[Dataset entries]
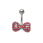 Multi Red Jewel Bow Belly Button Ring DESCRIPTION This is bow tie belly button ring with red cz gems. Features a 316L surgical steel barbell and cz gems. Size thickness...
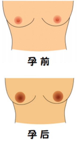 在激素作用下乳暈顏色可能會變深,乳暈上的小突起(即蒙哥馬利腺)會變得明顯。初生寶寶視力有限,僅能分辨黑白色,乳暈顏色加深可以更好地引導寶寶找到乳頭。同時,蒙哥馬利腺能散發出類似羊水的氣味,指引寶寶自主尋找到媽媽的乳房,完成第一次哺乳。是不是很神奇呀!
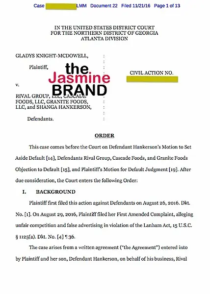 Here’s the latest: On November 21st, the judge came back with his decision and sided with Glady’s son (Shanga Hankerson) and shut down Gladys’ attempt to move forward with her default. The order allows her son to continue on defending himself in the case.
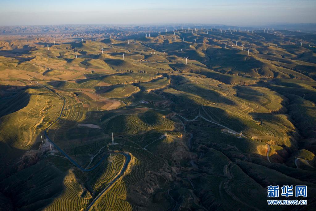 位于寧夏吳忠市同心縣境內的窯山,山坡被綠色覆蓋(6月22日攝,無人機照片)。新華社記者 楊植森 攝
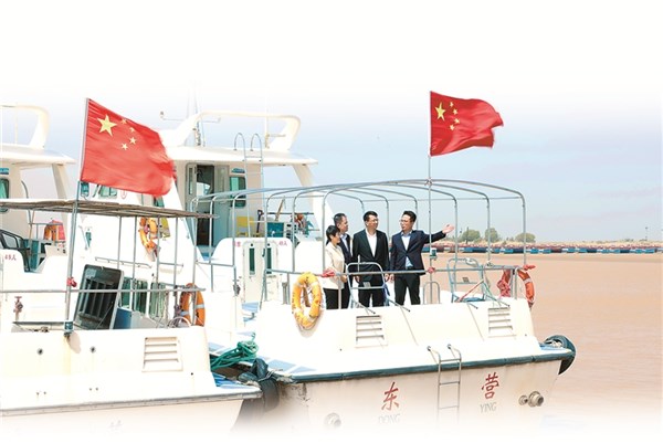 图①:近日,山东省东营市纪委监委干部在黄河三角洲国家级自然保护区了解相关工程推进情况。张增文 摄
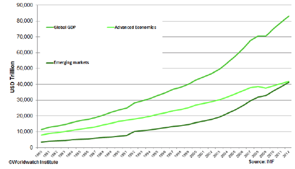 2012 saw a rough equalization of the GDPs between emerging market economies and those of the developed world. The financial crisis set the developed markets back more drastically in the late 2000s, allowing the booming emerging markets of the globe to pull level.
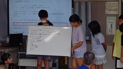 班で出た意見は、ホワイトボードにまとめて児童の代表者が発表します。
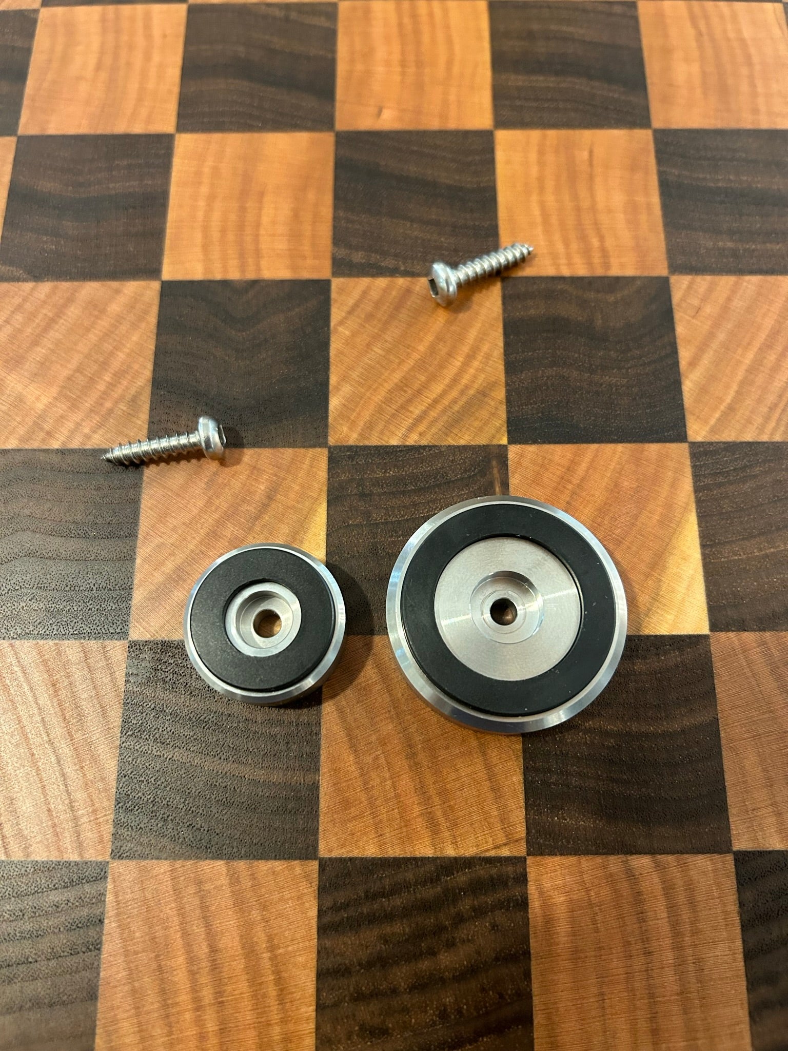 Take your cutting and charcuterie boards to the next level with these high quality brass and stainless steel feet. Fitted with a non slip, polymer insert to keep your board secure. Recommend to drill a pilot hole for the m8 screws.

_What needs to be done_
The copy should hold exactly the lines from the line containing "班で出た意見は、ホワイトボードにまとめて児童の代表者が発表します。" through the end of the data, both ends included, and no pictures.

_Result_
 班で出た意見は、ホワイトボードにまとめて児童の代表者が発表します。
 Take your cutting and charcuterie boards to the next level with these high quality brass and stainless steel feet. Fitted with a non slip, polymer insert to keep your board secure. Recommend to drill a pilot hole for the m8 screws.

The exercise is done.